Мы его убили – вы и я. Все мы его убийцы. Но как же мы сделали это? Как сумели мы выпить море? Кто дал нам губку, чтобы вытереть весь горизонт? Что мы делали, когда освобождали эту землю от оков солнца? Куда она движется теперь? Куда мы теперь движемся? Прочь от всех солнц? Разве мы не падаем непрерывно? Назад, в стороны, вперед, во всех направлениях? Есть ли еще верх и низ? Разве мы не блуждаем в бесконечном ничто? Разве мы не чувствуем дыхание пустого пространства? Разве оно не стало холоднее? Не надвигается ли все больше и больше ночь? Разве не нужно зажигать фонарь по утрам? Разве мы не слышим что-то вроде звука могильщиков, которые хоронят Бога? Разве мы еще не обоняем разложение Бога? И боги подвержены разложению. Бог мертв. Бог остается мертв. И мы убили его. Как будем мы, убийцы из убийц, утешаться? Тот, что был самым святым и могущественным из всех, кем обладал этот мир, смертельно истек кровью под нашими ножами – кто сотрет с нас его кровь? Какой водой нам очиститься? Какие празднества искупления, какие священные игры нужно нам изобрести? Величие такого деяния не слишком ли велико для нас? Не было вовеки более великого деяния, – и кто бы ни был рожден после нас, ради этого деяния он будет частью истории, превосходящей всю прежнюю историю». Здесь сумасшедший умолк и снова взглянул на своих слушателей, и они тоже молчали и взирали на него в изумлении. Наконец он бросил фонарь на землю, и тот разбился и угас. «Я пришел слишком рано, – сказал он тогда. – Мое время еще не пришло.

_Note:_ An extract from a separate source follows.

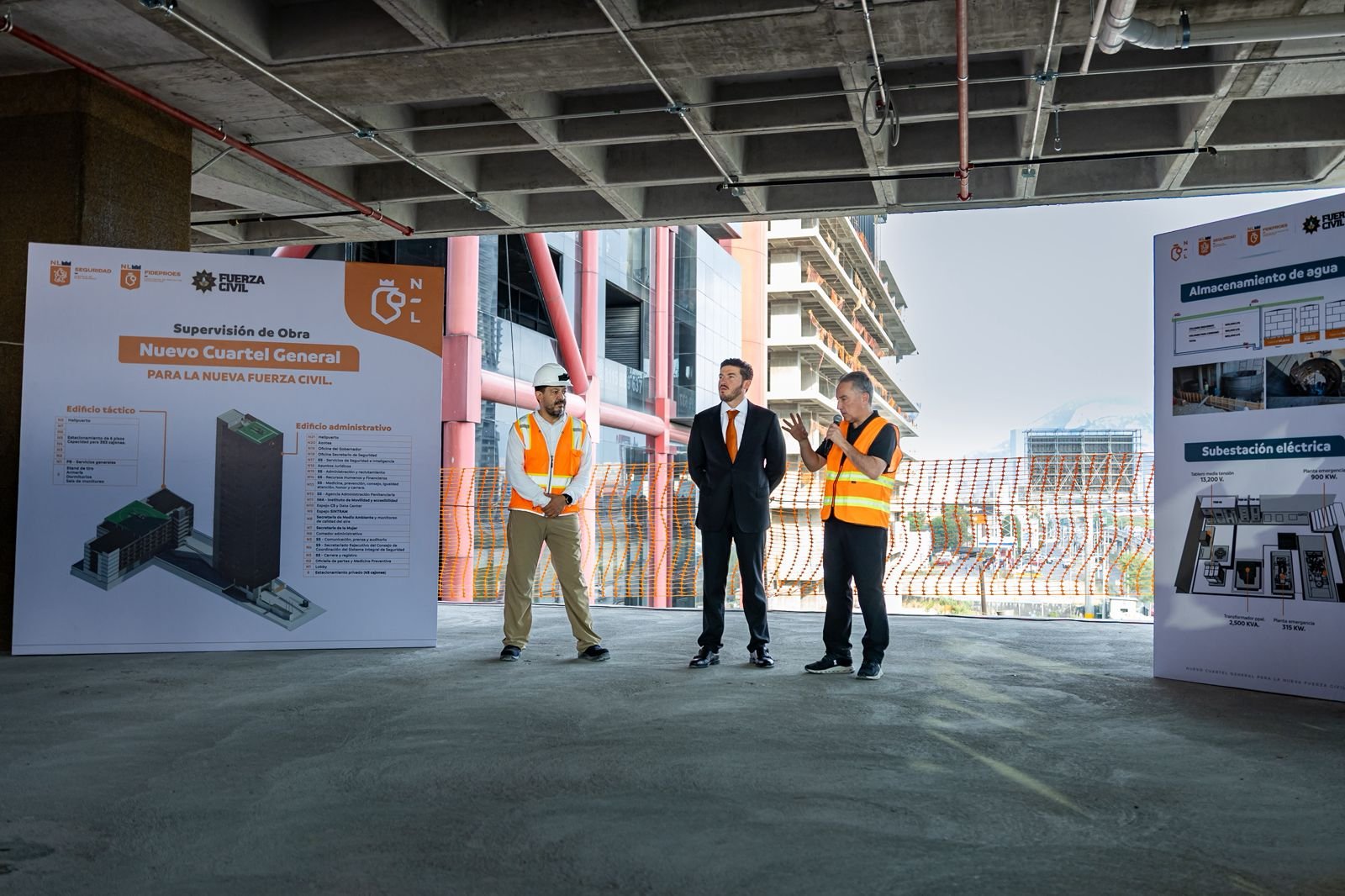 La construcción del Cuartel General para la Nueva Fuerza Civil que albergará a todas las dependencias de seguridad de Nuevo León avanza en tiempo y forma, dijo el Gobernador del Estado, Samuel Alejandro García Sepúlveda al supervisar las obras de este inmueble que se construye en la Avenida Morones Prieto.

Это грандиозное событие все еще свершается, все еще в пути – оно еще не достигло человеческих ушей. Молнии и грому требуется время, свету звезд требуется время, деяниям требуется время, прежде чем, содеянные, они смогут быть зримы и слышимы. Это деяние от них пока дальше, чем самые удаленные звезды – и все же они сами содеяли его». Позже рассказывали, что в тот же день сумасшедший ходил по разным церквам и пел там requiem aeternam deo[45]. Выходя и успокоившись, он, говорят, каждый раз возглашал: «Что теперь эти церкви, как не гробницы и склепы Бога?» (ВН, 125).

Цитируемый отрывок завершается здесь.